When asked what other changes he expects to see with the transition to regenerative, Proctor says it depends on the ranch, especially due to differences in land-use history. Coffey Ranch, for example, was already being managed more regeneratively and was in better shape to start with, he says, while Red River’s sandy soils and history of intensive cultivation years ago means “it probably has had some pretty good abuse.”

Williams notes that while all the Noble Ranches are using adaptive grazing, some managers are trying different approaches to their pastures and the species they are grazing, which may also account for differences in soil health as the years progress.

Both team members say they hope to be able to demonstrate that regenerative practices work to improve soil health, add to ranch income and, “ultimately…keep the ranchers on the land,” Proctor says.
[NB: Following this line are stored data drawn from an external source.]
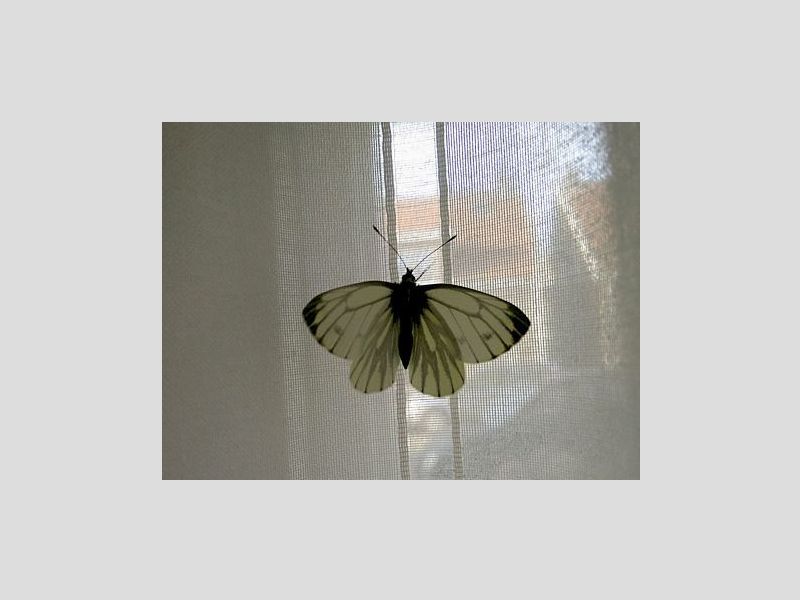 Op 6 januari vond Mart van der Slot een verrassing in zijn huiskamer. In de gordijnen hing een net uit de pop gekropen klein geaderd witje. Vermoedelijk heeft deze als pop in de kerstboom gehangen en door de hoge temperatuur binnenshuis gedacht dat de lente was begonnen.
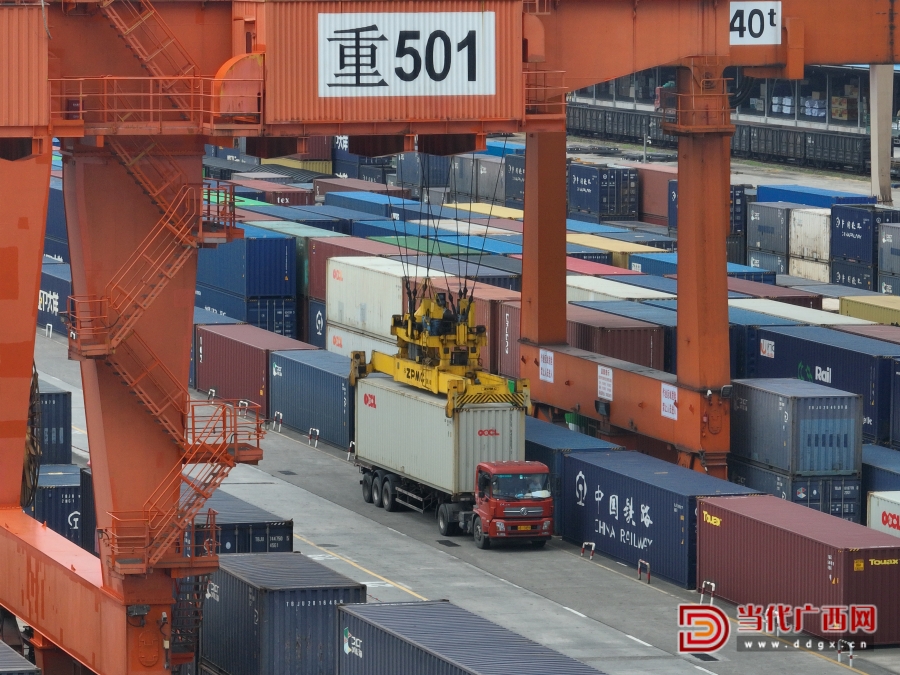 离重庆无水港不远的中铁联集重庆中心站,是西部陆海新通道的铁路重要站点。记者看到,站内运输集装箱的卡车往来不绝,堆成小山似的五彩集装箱准备外运。中心站运营部外勤主任刘代鹏2011年到中心站工作以来,深刻感受到西部陆海新通道从重庆出发至钦州港的铁海联运班列班次越来越多,货品品类也变多了。“汽车、大型机械、医药产品都往那边运,今天就有发往钦州港的班列。”他说。
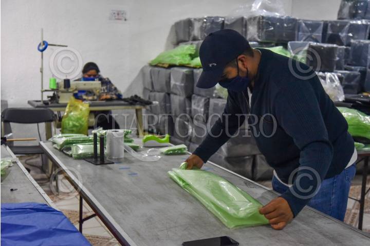 De fabricar bolsas de plástico y otros insumos la empresa Inovaplastic pasó a elaborar bolsas para muertos y ahora trajes protectores de polietileno hasta 10 veces más barato que los trajes convencionales que se usan para el contacto con pacientes con COVID-19, puede ser utilizado no solo en hospitales, también en áreas administrativas y domicilios, puede llegar a ser reutilizado hasta 5 veces y es biodegradable. El traje consta de bata, pantalón y botas, y por el precio puede acceder a él cualquier persona y poderse proteger sobre todo en el retorno a las actividades y la entrada a la “nueva normalidad”. FOTO: CRISANTA ESPINOSA AGUILAR /CUARTOSCURO.COM
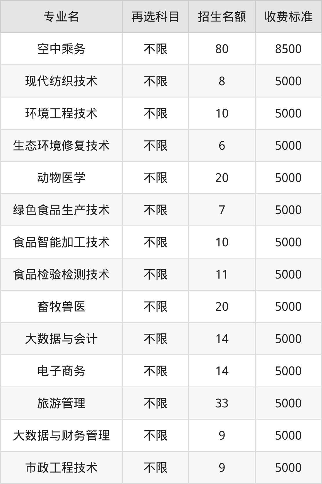 | 高职专科批 | 历史 | 食品检验检测技术 | 11 |
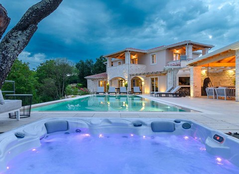 Auf der weitläufigen Dachterrasse mit hochwertigen Möbeln und sagenhaften Meerblick können Sie den Tag mit einem Glas Wein ausklingen lassen, während die Terrasse am Pool ideal ist für erfrischende Momente unter der kroatischen Sonne.
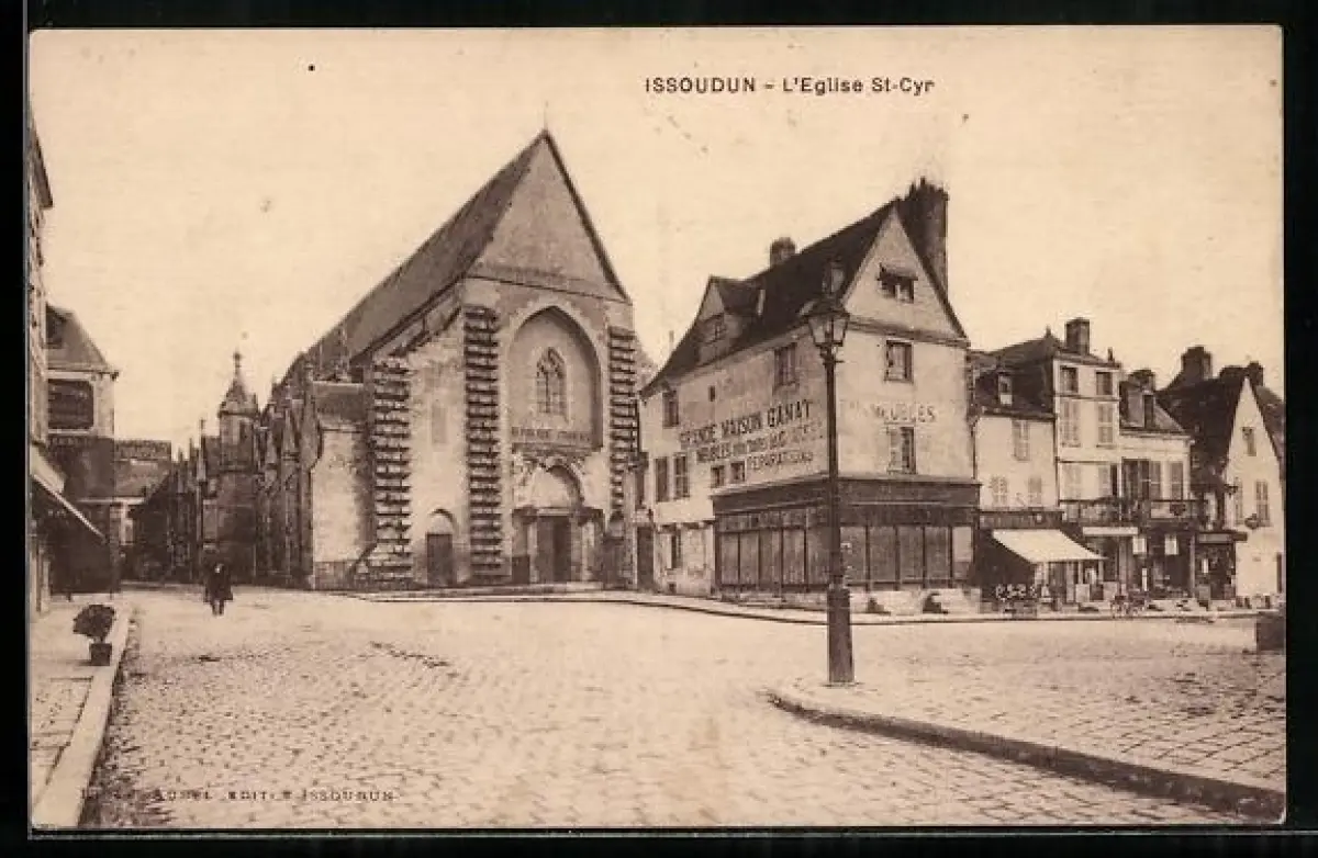 AK Issoudun, L`Église St-Cyr et la place animée adjacente
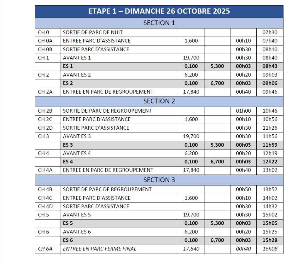 | Départ du Rallye | DIMANCHE 26 OCTOBRE 2025 | 07h30 | ||
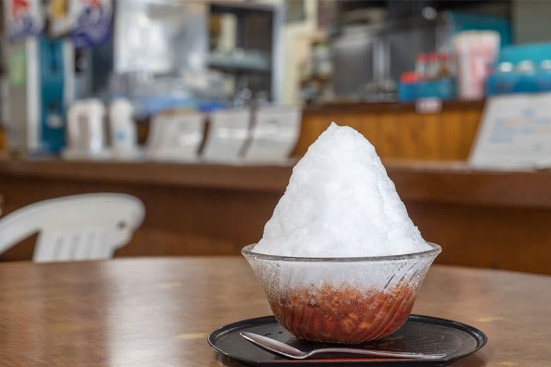 6種類(アイスぜんざい・いちご氷・いちご金時・ミルク金時・いちごミルク氷・いちごミルク金時)の中でも、地元の常連客から支持されているのがアイスぜんざい。

He hopes ranchers can benefit as Noble shares that “No. 1, it (regenerative) does work, and it can be implemented, even if it’s not necessarily simple.

“In the end, if we can demonstrate that this really does make a difference in lifestyle and in how you manage and can pass the land down to your children,” he hopes more ranchers and farmers will consider managing regeneratively, he says. “And there are likely to be economic incentives for things regenerative can support, like helping water infiltration for the aquifers.”

making dung beetle traps in field

THE UNIQUE REAL-WORLD LAB OF NOBLE RANCHES

There’s a lot written about the benefits of regenerative ranching in “popular literature,” Proctor says, “but very little done in the hard sciences. The sciences struggle with this, because it can’t be reduced to simple parameters. It doesn’t work with controls. It only functions when you have all of these variables going together.

“You can’t do it in a lab. It only works out here in the pasture.”

And that’s where you’ll find the Transitions Team most days from spring through fall, digging and counting and collecting data across the large-scale, real-world lab of the Noble Ranches.